Pfeffernüsse, a German spice cookie translated as peppernuts, are named for their shape and the black pepper in the cookie itself.   Aside from cut out sugar cookies, I associate these most with Christmas.  While this recipe probably isn’t considered “purist,” as some pfeffernüsse are rolled in powdered sugar after baking and don’t contain anise oil, I like this version best.  I love their spiciness and crunchy texture.  Too bad their size makes it easy to pop them like Tic Tacs.  I chilled the dough overnight for easier handling and added about 1 teaspoon of crushed anise seeds for flavor.  I used Lorann anise oil…you can find this at stores where cake decorating/candy making supplies are sold or at pharmacy counters (Really!). 

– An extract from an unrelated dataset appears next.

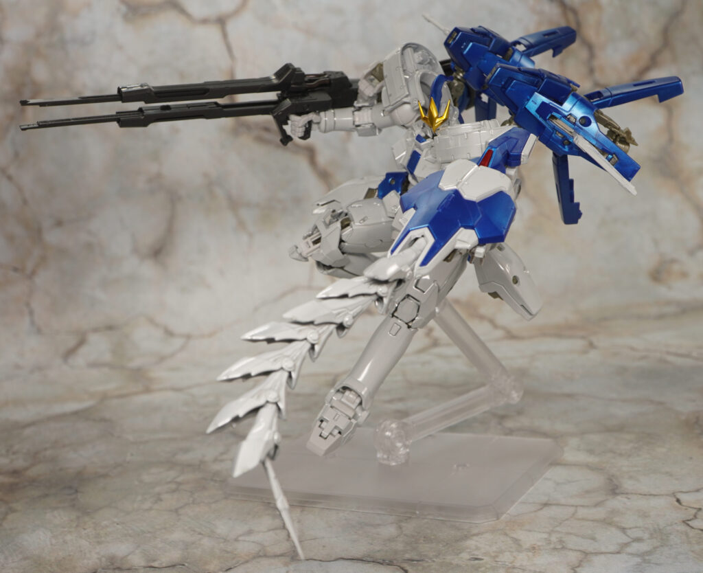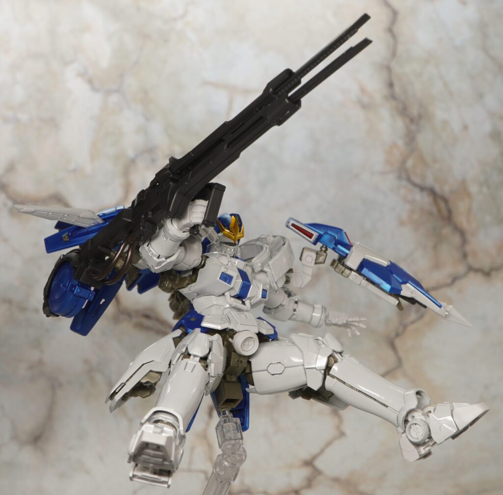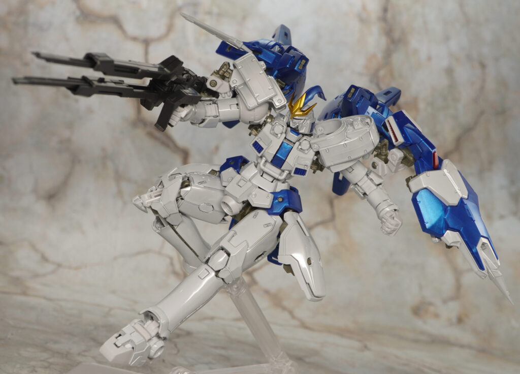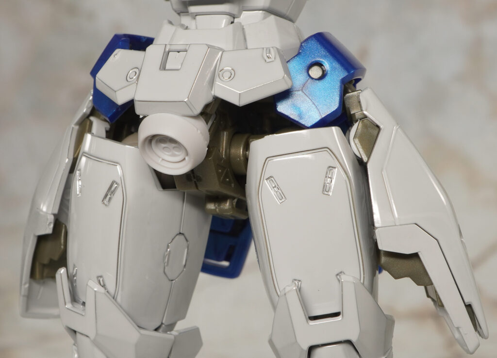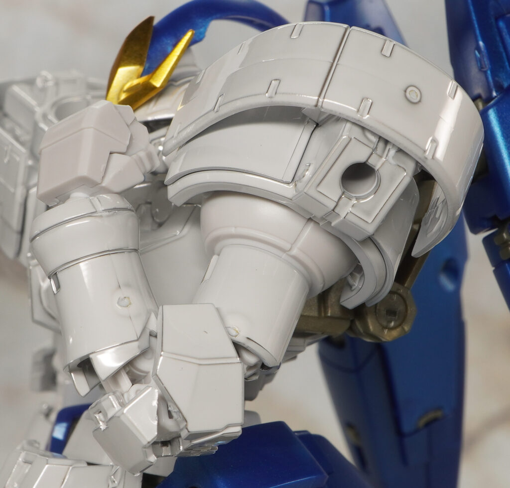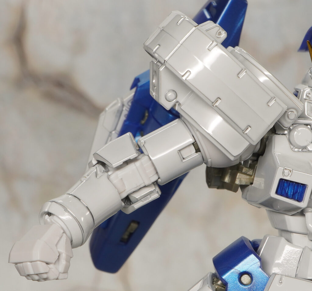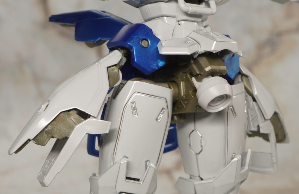 元々はEW版トールギスなのでヒジやヒザ、足首にアドバンスドMSジョイント12が使われており、それらやハンドパーツなどのKPS部分は非メタリックな色合いです。
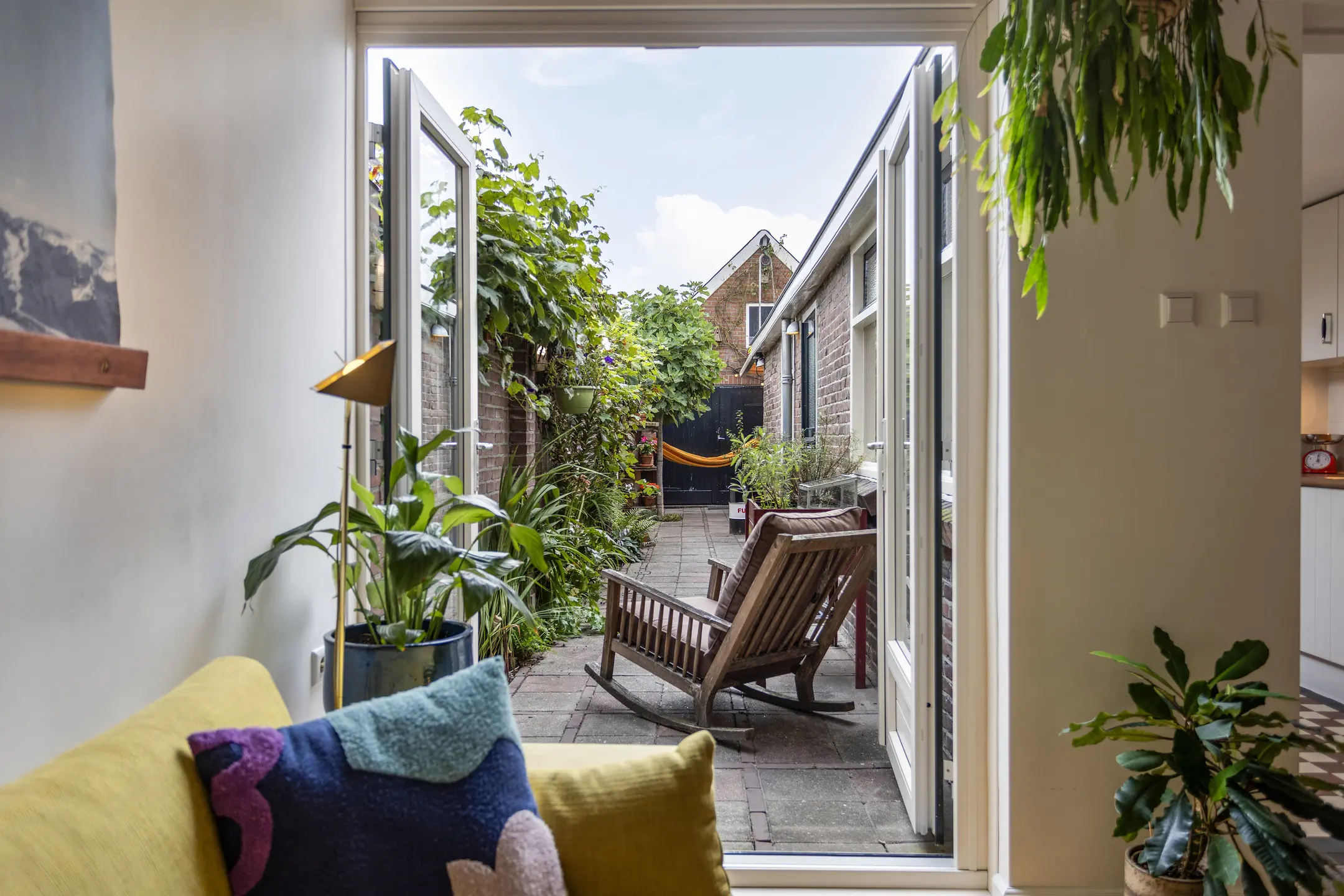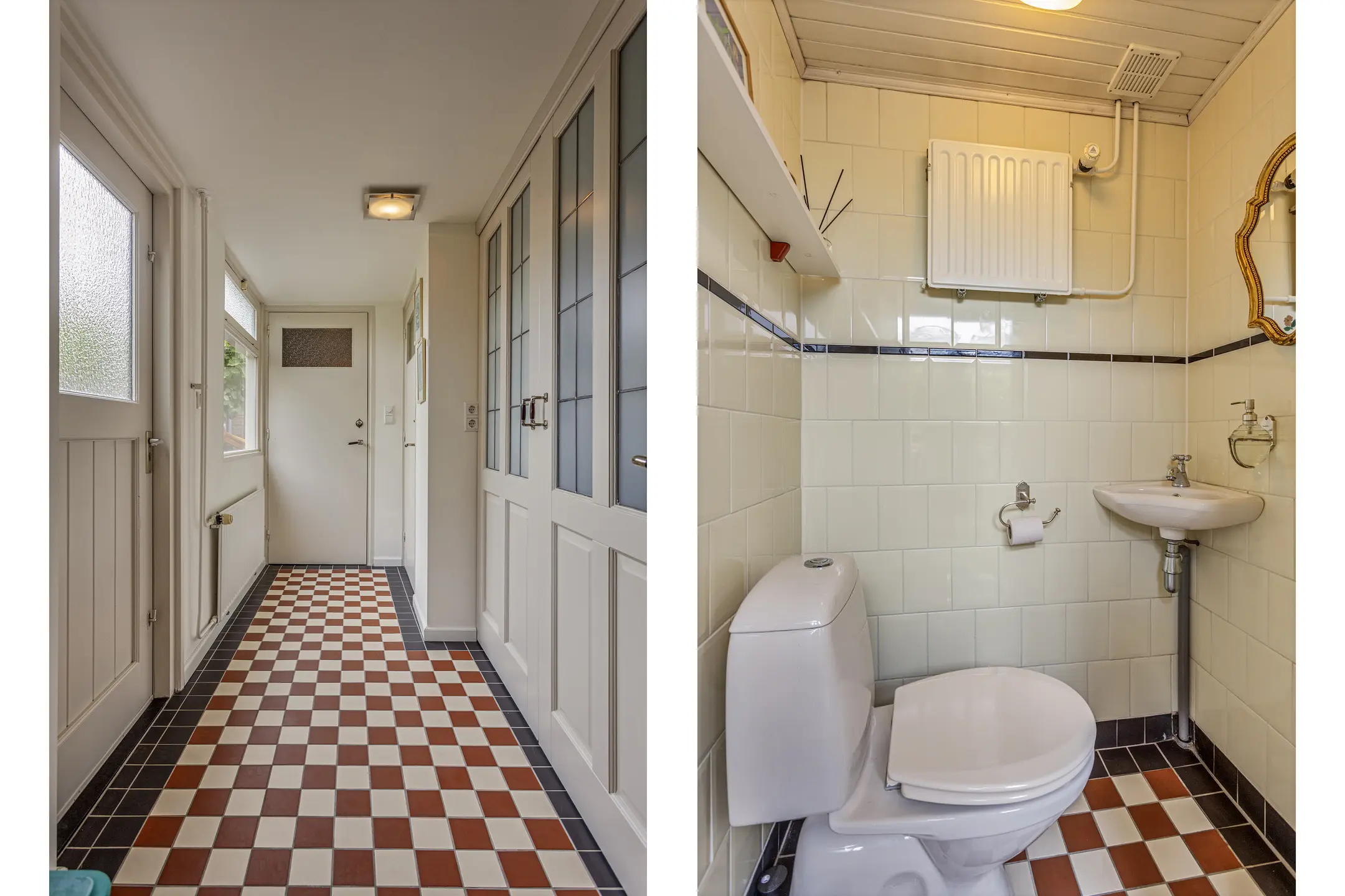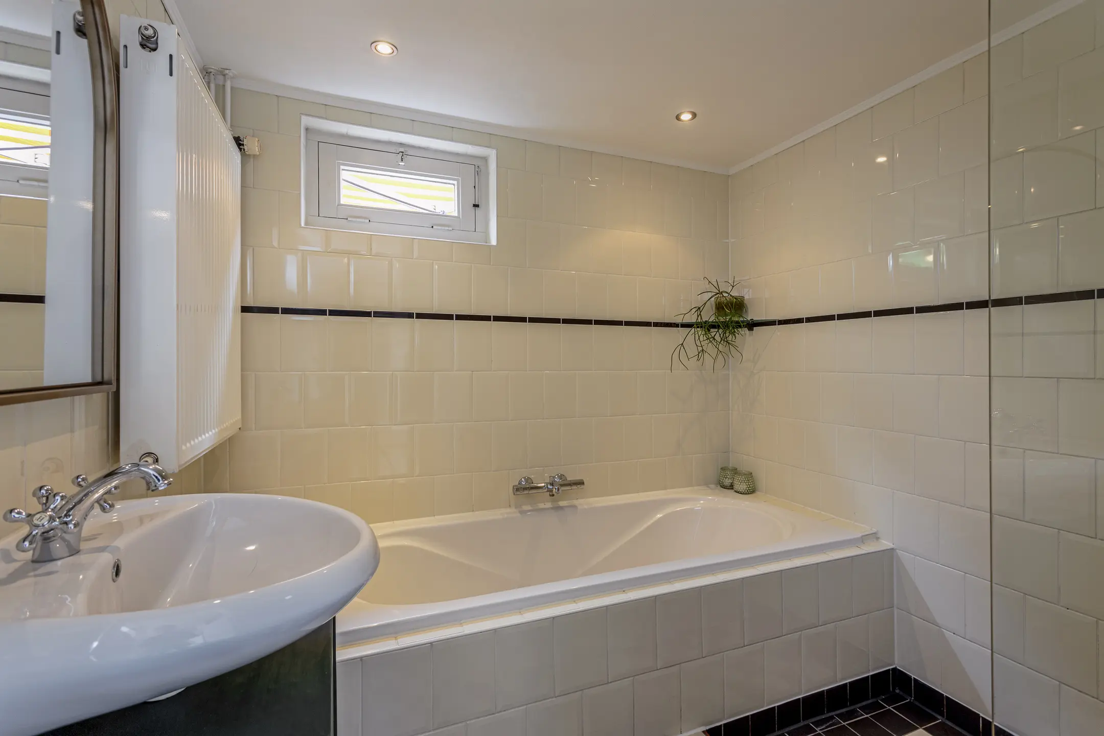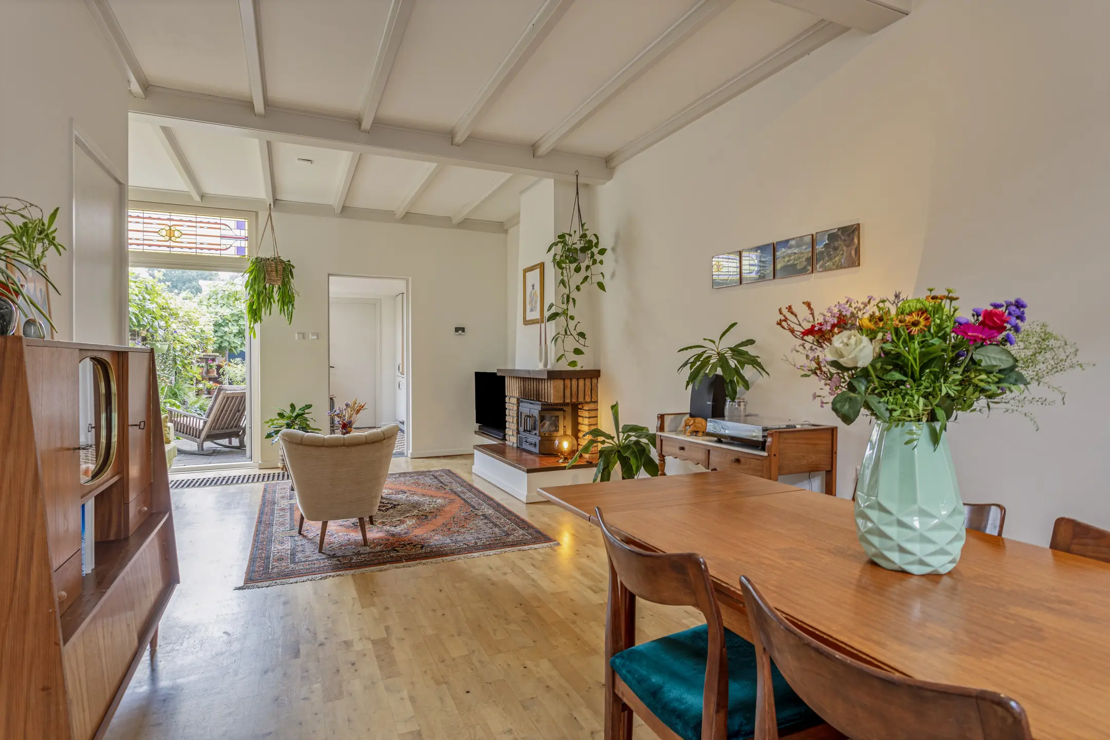 Entree, hal met trapopgang en toegang naar de woonkamer. De originele voordeur en het glas-in-lood sieren de entree. De gezellige woonkamer heeft eveneens glas-in-loodramen en is met zijn hoogte van 2.90m en vloeroppervlakte van ca. 30m² heerlijk ruim. De vloer is voorzien van lamelparket, de wanden zijn strak gestuukt, en de tuindeuren en houtkachel zorgen voor een sfeervol geheel. Aan de achterzijde van de woning bevinden zich de keuken, bijkeuken, het toilet en de badkamer. De lichte keuken is ingericht met een keukenblok in rechte opstelling en beschikt over prettig veel bergruimte. Daarnaast is er diverse inbouwapparatuur aanwezig, waaronder een gasfornuis, combi-oven, afzuigkap, koel-vriescombinatie en vaatwasmachine. Aansluitend bevindt zich de bijkeuken, met de opstelling voor de wasmachine/droger, de cv-ketel (2019) en een voorraadkast. Het separate toilet is geheel betegeld en uitgevoerd met fontein. De badkamer is eveneens geheel betegeld en voorzien van een douche, een ligbad en een wastafel. Middels de woonkamer (tuindeuren) en de bijkeuken (achterdeur) is de tuin en de garage bereikbaar.

Anise Oil Peppernuts  (Recipe courtesy of Recipezaar Peppernuts)

Yield – 300 small cookies


  • 1 cup butter 
  • 1 cup white sugar
  • 2 cups brown sugar
  • 2 eggs 
  • 1/4 teaspoon anise oil or extract
  • 1 teaspoon vanilla (optional)
  • 1 teaspoon allspice 
  • 1 teaspoon ginger
  • 1 teaspoon baking soda
  • 1/2 teaspoon black pepper
  • 4 tablespoons liquid black coffee 
  • 1 pinch salt
  • 5 cups flour


1.  Cream butter, sugars and eggs.

2.  Add remaining ingredients.

3.  Roll into snakes.

4.  Cut into bite size pieces.

5.  Bake at 350 for 10-15 minutes (depending on desired crunch).